Regarding claims 4 and 21, as discussed above, Yakopcic in view of Chi and Ren teaches the systems of claims 2 and 19.
Yakopcic further discloses wherein the AI instruction set includes instructions to vectorize the weighting factors stored in the first memory circuit and to vectorize the input data stored in the second memory circuit (paragraph 29 of the specification states “Figure 3 illustrates a vectorization process 300, in accordance with certain embodiments of the present disclosure. In this example, the input data 125 is in the form of a two-dimensional input image X. The image X is broken up into smaller two-dimensional patches 320. The patches are then vectorized (also referred to as unrolling) into linear vectors, or columnized patches 330 for storage in the second memory circuit 250 as a vectorized X 310.” Therefore, “vectorize the weighting factors” and “vectorize the input data”, under the BRI, in light of the specification, is converting weights and input data such as image data into vectors or columns) (see, e.g., column 12, lines 50-55, column 15, lines 16-17 and 33-36, “neuromorphic circuit 400 may execute dot-product operations that involve positive and/or negative floating point numbers included in the vector and/or matrix and is also able to accurately generate the dot-product operation values resulting from the dot-product operation of the vector and matrix”, “each of the vector values included in the vector are applied as input voltages 440(a-n).”, “both the input voltages 440(a-n) representing the vector values as well as the complemented input voltages 460(a-n) representing the complemented vector values applied to the analog neuromorphic circuit 400, the controller 405 may generate a co-linear first relationship”, “neuromorphic circuit 400 may be incorporated into image processing applications where the vector represents an image and the matrix includes a set of weighted values that are to be applied to the image” [i.e., map input image data and weights to a linear vector/vectorization]).

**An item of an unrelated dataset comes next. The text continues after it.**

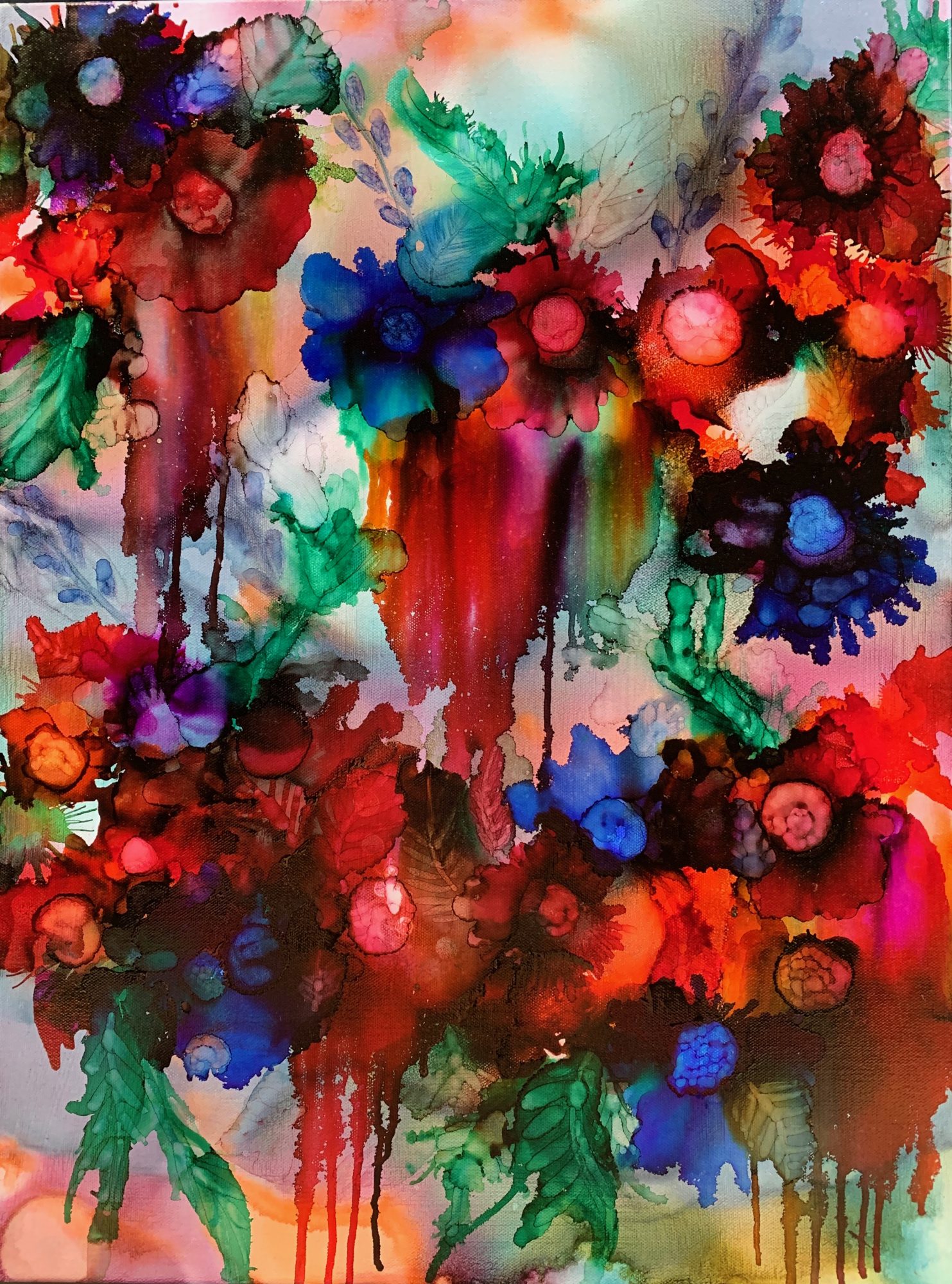 Alcohol ink on canvas, sealed with high grade varnish and UV spray.

Regarding claim 22, as discussed above, Yakopcic in view of Chi and Ren teaches the system of claim 19.
Although Yakopcic substantially discloses the claimed invention, Yakopcic is not relied on to explicitly disclose wherein the AI instruction set includes instructions to employ the digital access circuitry to store results of the analog calculations to memory circuitry associated with the CPU.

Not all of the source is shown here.